Even couples that have already lived together should expect changes.
“It’s not like there’s a backdoor and you can just walk out of (a marriage),” Davis said. “There’s a different level of commitment after the wedding.”
It’s important to realize that each partner in a marriage lives in a different internal world and looks at problems in a different way. The key to shrinking divisions is communication. Silent thoughts should be pulled to the surface, Davis says. If one person is feeling misunderstood or hurt, it’s necessary to bring it up, but to bring it up in a way that shows courtesy and concern, not hostility.
It’s also important to check in with the husband or wife before making outside plans. The marriage should take precedence over other relationships, Davis says. And date nights need to be part of the conversation. The frequency and duration a partner wants to spend with together will vary. One person might want to have a date night every day. Another will be happy with an outing once a week — or even once every two to three weeks.
“Spending time together is really important, but not to the exclusion of every other relationship you have,” Davis says.
Balancing the budget
Swapping rings is one thing. Swapping bank statements is another. Young couples are more apt to talk about sex than money, says Margaret Stenseng, a mutual fund counselor with Waddell & Reed.
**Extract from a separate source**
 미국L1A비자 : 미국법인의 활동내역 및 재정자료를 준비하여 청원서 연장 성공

“The most boring thing in the world is to create a budget and keep track of spending, but it’s one of the most enlightening things a couple can do,” Stenseng says. “Couples often spend much time, money and resources planning a wedding but don’t spend any time at all talking about how to deal with the checkbook.”
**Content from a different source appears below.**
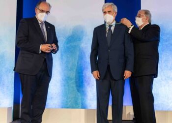 El presidente de Honor de A.M.A. y presidente de su Fundación, Dr. Diego Murillo, y el presidente de la mutua, ...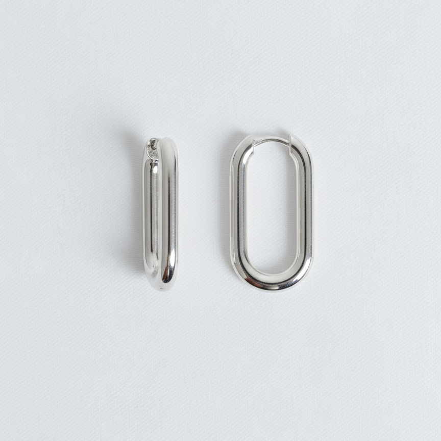 素材・サイズ 素材:SV925(ロジウムコーティング) デザイン:オーバルフープ(長円形) サイズ:縦 約22mm × 横 約15mm

Before plunging into a marriage, a couple should talk about money. This means talking about pre-existing debt, Stenseng says. Both parties need to know what kind of deficit they’re climbing into, including student loans, car loans and credit card debt. All of it needs to be pushed to the surface before walking down the aisle. And after they’re married, a couple should talk about finances at least once a year — quarterly is better though — after the marriage. And if they’re dipping into the red, money should be a weekly topic.
“Most people bring their habits from their parents,” Stenseng says. “So it’s important to find out how your significant other’s family handled money. Talk about what was good about it, what was bad and what to leave behind.”
In the bank
Before tying the knot, couples should decide whether to lump money into one account or to keep chucking it into separate ones. There is no right or wrong answer for this, says Janis Bunker of TCK Trust and Financial Advisors. It is very individualistic, but it needs to be talked about. And after making the decision, the couple should start dumping money into a savings account.
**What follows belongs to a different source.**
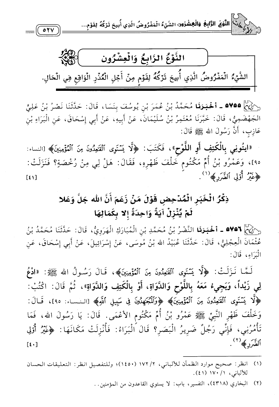 ٥٧٥٦ - أَخبَرنا النَّضْرُ بْنُ مُحَمَّدِ بْنِ الْمُبَارَكِ الْهَرَوِيُّ، قَالَ: حَدثنا مُحَمَّدُ بْنُ عُثْمَانَ الْعِجْلِيُّ، قَالَ: حَدثنا عُبَيْدُ اللهِ بْنُ مُوسَى، عَنْ إِسْرَائِيلَ، عَنْ أَبِي إِسْحَاقَ، عَنِ الْبَرَاءِ، قَالَ: لَمَّا نَزَلَتْ: {لَا يَسْتَوِي الْقَاعِدُونَ مِنَ الْمُؤْمِنِينَ} [النساء: ٩٥]، قَالَ رَسُولُ اللهِ صَلى الله عَلَيه وسَلم: "ادْعُ لِي زَيْدًا، وَيَجِيءُ مَعَهُ بِاللَّوْحِ وَالدَّوَاةِ، أَوْ بِالْكَتِفِ وَالدَّوَاةِ"، ثُمَّ قَالَ: "اكْتُبْ: لَا يَسْتَوِي الْقَاعِدُونَ مِنَ الْمُؤْمِنِينَ وَالْمُجَاهِدُونَ فِي سَبِيلِ اللهِ، قَالَ: وَخَلْفَ ظَهْرِ النَّبِيِّ صَلى الله عَلَيه وسَلم عَمْرُو بْنُ أُمِّ مَكْتُومٍ الأَعْمَى، قَالَ: يَا رَسُولَ اللهِ، فَمَا تَأْمُرُنِي، فَإِنِّي رَجُلٌ ضَرِيرُ الْبَصَرِ؟ قَالَ الْبَرَاءُ: فَأُنْزِلَتْ مَكَانَهَا: {غَيْرُ أُولِي الضَّرَرِ}. [٤٠]

“I advise couples to try to do what some people call ‘pay yourself first,’ which means putting away a certain amount for savings each month,” Bunker says.
Bunker uses “savings” as an umbrella term to refer to everything from retirement to mortgage payments, from car loans to the kids’ college tuition. And the retirement fund should be a high priority, she says. If the husband’s or wife’s employer offers a 401(k) plan, they should definitely plop money into the account.
Aside from retirement, Bunker says a couple should put away what ever it can afford. But Stenseng adheres to a more rigid rule of saving 10 percent. The rule of thumb for an individual is to stack up 10 percent of the income. In a marriage, if both people are working, the number naturally doubles.
Young newlyweds often don’t consider themselves candidates for early death. But it happens, says Stenseng. And because it can happen to anyone, life insurance should be a priority for any marriage with a financially dependent spouse.
“Absolutely invest in insurance if someone is financially dependent on you,” Stenseng says. “It is a must.”